Monday 13 July 2015

My Favourite Scene: Carry On Cowboy

I have been running a series of blogs which focus on my favourite scenes in each of the thirty original Carry On films made between 1958 and 1978. It's quite a hard task I have set myself, both in terms of picking one scene from the best of the best but also being able to pick a good scene from the worst of the worst!

Today I'm giving myself an easy one. I love Carry On Cowboy. It features some terrific performances from many of the best Carry On regulars, in particular from Sid James, Jim Dale, Charles Hawtrey and Joan Sims.
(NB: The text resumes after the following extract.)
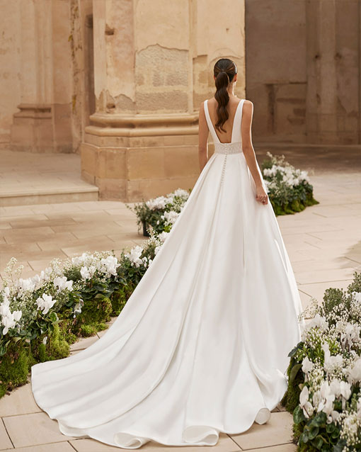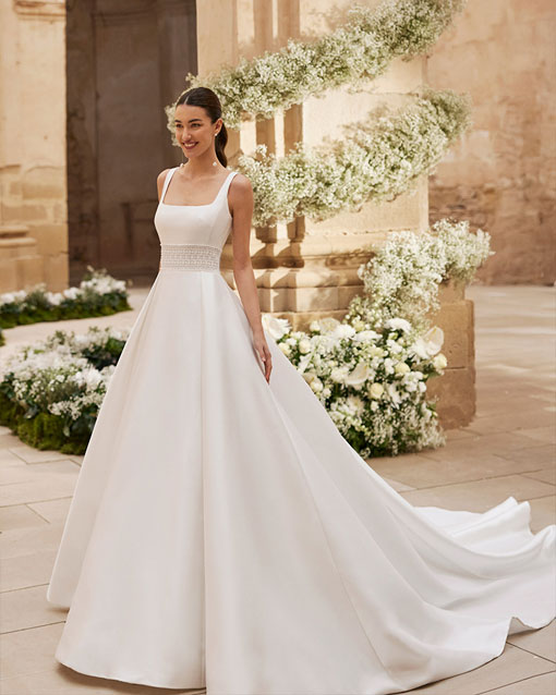 Vestido de novia, de corte volumen. Confeccionado en sienna. Escote cuadrado, tirantes y espalda escotada.

It also introduces us to several wonderful new additions to the Carry On cast, in Peter Butterworth, Bernard Bresslaw and Angela Douglas.

I think Joan Sims enjoys one of the finest roles in her Carry On career in Cowboy. As Belle, owner of the local saloon, she's a glamorous, gun-toting, no nonsense southern gal! Joan also looks fantastic throughout in a series of glorious period costumes. Her hair and make up are superb and as usual her accent is terrific. She is powerful, dynamic and oozes sex appeal.

Which brings me to my favourite scene in the film. It simply has to be Joan's first entrance as Belle. Sid James' Rumpo Kid has just made a shocking entrance into Stodge City and while trying to order a whisky at the bar, a shot rings out, taking the glass out of Rumpo's hand. While the rest of the local men cower and hide from Sid, Joan's character takes him on! Joan slinks down a long staircase in a skintight black gown and looks every inch the star. 

She then engages in some classic Carry On dialogue with Sid James, which culminates in the brilliant line: "My, but you've got a big one! ... I'm from Texas Ma'am, we've all got big one's down there!" This was probably the first time Sid and Joan were partnered directly together in a Carry On and it was immediately clear that a superb on screen partnership was born. They would go on to work opposite each other in many more films in the series and were always a high point.

While many of Joan's later roles were less than glamorous - shrewish wives and nagging mother in laws - in Carry On Cowboy she is given the chance to be a sassy, stunning and sensuous woman on the big screen. Joan clearly gives it her all and you can understand why. I love it.